Baru baru ini publik dihebohkan dengan adanya kasus bullying yang dilakukan oleh sekelompok siswa Binus School Serpong.
Pemberitaan mengenai kasus tersebut cepat naik ke permukaan lantaran sang pelaku merupakan anak dari sejumlah public figure.
Perlu menjadi catatan bahwa artikel ini tidak sedang mencoba menyudutkan institusi tertentu ataupun peserta didik yang menjadi pelaku.
Melainkan artikel ini mencoba memberikan perspektif mengenai hal yang bisa dilakukan oleh guru sebagai pendidik untuk mengantisipasi tindakan serupa yang dilakukan oleh peserta didik yang mereka ajar.

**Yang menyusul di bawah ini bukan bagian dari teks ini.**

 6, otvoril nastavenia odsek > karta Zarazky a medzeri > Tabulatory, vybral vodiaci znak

Bullying merupakan masalah serius yang kasusnya tidak pernah surut di tanah air. Berdasarkan data yang dipublikasikan oleh Data Books Katadata kasus bullying yang terjadi di Sekolah sepanjang tahun 2023 lalu, yaitu sebanyak 30 kasus.

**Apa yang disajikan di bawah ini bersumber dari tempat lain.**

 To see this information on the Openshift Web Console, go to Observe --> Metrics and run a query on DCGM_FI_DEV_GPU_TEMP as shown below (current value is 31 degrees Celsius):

Sebanyak 80% kasus tersebut terjadi di sekolah yang dinaungi oleh Kementerian Pendidikan, Kebudayaan, Riset dan Teknologi, dan 20% lainnya terjadi di sekolah yang dinaungi oleh Kementerian Agama.
Selain itu, jumlah kasus bullying itu mengalami peningkatan dari periode sebelumnya (2022) yang mencatatkan angka, yaitu sebanyak 21 kasus.
Perilaku bullying yang terjadi di sekolah dapat mengganggu ketenangan peserta didik dalam belajar. Oleh sebab itu, perlu ada upaya yang dilakukan guru untuk menciptakan suasana belajar yang aman, inklusif dan jauh dari perilaku bullying di sekolah.
1. Menanamkan Rasa Empati Pada Peserta Didik
Sebagai seorang pendidik yang berhubungan langsung dengan peserta didik di sekolah, guru perlu menamkan rasa empati.
Rasa empati perlu ditonjolkan agar peserta didik memahami bahwa setiap orang memiliki perasaan sehingga penting bagi mereka untik menjaga tutur kata, tindakan, dan perilaku agresif karena bisa saja melukai perasaan teman sebaya.